Our ambition should be to build an open data commons that is accessible and useful for as many people as possible.


Managing risks when publishing open data

A question that I frequently encounter when talking to organisations about publishing open data is: “what if someone misuses or misunderstands our data?“.

These concerns stem from several different sources:

  • that the data might be analysed incorrectly, drawing incorrect conclusions that might be attributed to the publisher
  • that the data has known limitations and this might reflect on the publisher’s abilities, e.g. exposing issues with their operations
  • that the data might be used against the publisher in some way, e.g. to paint them in a bad light
  • that the data might be used for causes with which the publisher does not want to be aligned
  • that the data might harm the business activities of the publisher, e.g. by allowing someone to replicate a service or product

All of these are understandable and reasonable concerns. And the truth is that when publishing open data you are giving up a great deal of control over your data.

But the same is true of publishing any information: there will always cases of accidental and wilful misuse of information. Short of not sharing information at all, all organisations already face this risk. It’s just that open data, which anyone can access, use and share for any purpose, really draws this issue into the spotlight.

In this post I wanted to share some thoughts about how organisations can manage the risks associated with publishing open data.

Risks of not sharing

Firstly its worth noting that the risks of not sharing data are often unconsciously discounted.

There’s increasing evidence that holding on to data can hamper innovation whereas opening data can unlock value. This might be of direct benefit for the organisation or have wider economic, social and environmental benefits.

Organisations with a specific mission or task can more readily demonstrate their impact and progress by publishing open data. Those that are testing a theory of change will be reporting on indicators that help to measure impact and confirm that interventions are working as expected. Open data is the most transparent way to approach to these impact assessments.

Many organisations, particularly government bodies, are attempting to address challenges that can only be overcome in collaboration with others. Open data specifically, and data sharing practices in general, provides an important foundation for collaborative projects.

As data moves from the closed to the open end of the data spectrum, there is an increasingly wider audience that can access and use that information. We can point to Joy’s Law as a reason why this is a good thing.

In scientific publishing there are growing concerns of a “reproducibility crisis” which is in part fuelled by both a lack of access to original experimental data and analysis.  Open publishing of scientific results is one remedy.

But setting aside what might be seen as a sleight of hand re-framing of the original question, how can organisation minimise specific types of risk?

Managing forms of permitted reuse

Organisations manage the forms of reuse of its data through a licence. The challenge for many is that an open licence places few limits on how data can be reused.

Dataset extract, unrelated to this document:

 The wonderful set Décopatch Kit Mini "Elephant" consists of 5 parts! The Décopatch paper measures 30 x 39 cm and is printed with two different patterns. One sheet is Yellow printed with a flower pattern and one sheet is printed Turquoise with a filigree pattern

There is a wider range of licences that publishers could use, including some that limit creation of derivative works or commercial uses. But all of these restrictions may also unintentionally stop the kinds of reuse that publishers want to encourage or enable. This is particularly true when applying a “non-commercial” use clause. These issues are covered in detail in the recently published ODI guidance on the impacts of non-open licences.

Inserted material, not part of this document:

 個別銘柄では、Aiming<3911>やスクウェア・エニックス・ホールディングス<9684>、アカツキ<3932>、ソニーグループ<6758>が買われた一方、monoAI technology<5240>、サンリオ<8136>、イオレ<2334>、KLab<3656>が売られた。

While my default recommendation is that organisations use a CC-BY 4.0 licence, an alternative is the CC-BY-SA licence which requires that any derivative works are published under the same licence, i.e. that reusers must share in the same spirit as the publisher.

This could be a viable alternative that might help organisations feel more confident that they are deterring some forms of undesired reuse, e.g. discouraging a third-party or competitor from publishing a commercial analysis based on their data by requiring that the report also be distributed under an open licence.

The attribution requirement already stops data being reused without its original source being credited.

Managing risks of accidental misinterpretation

When I was working in academic publishing a friend at the OECD told me that at least one statistician had been won over to a plan to publicly publish data by the observation that the alternative was to continue to allow users to manually copy data from published reports, with the obvious risks of transcription errors.

This is a small example of how to manage risks of data being accidentally misused or misinterpreted. Putting appropriate effort into the documentation and publication of a dataset will help reusers understand how it can be correctly used. This includes:

  • describing what data is being reported
  • how the data was collected
  • the quality control, if any, that has been used to check the data
  • any known limits on its accuracy or gaps in coverage

All of these help to provide reusers with the appropriate context that can guide their use. It also makes them more likely to be successful. This detail is already covered in the ODI certification process.

Writing a short overview of a dataset highlighting its most interesting features, sharing ideas for how it might be used, and clearly marking known limits can also help orientate potential reusers.

Of course, publishers may not have the resources to fully document every dataset. This is where having a contact point to allow users to ask for help, guidance and clarification is important. 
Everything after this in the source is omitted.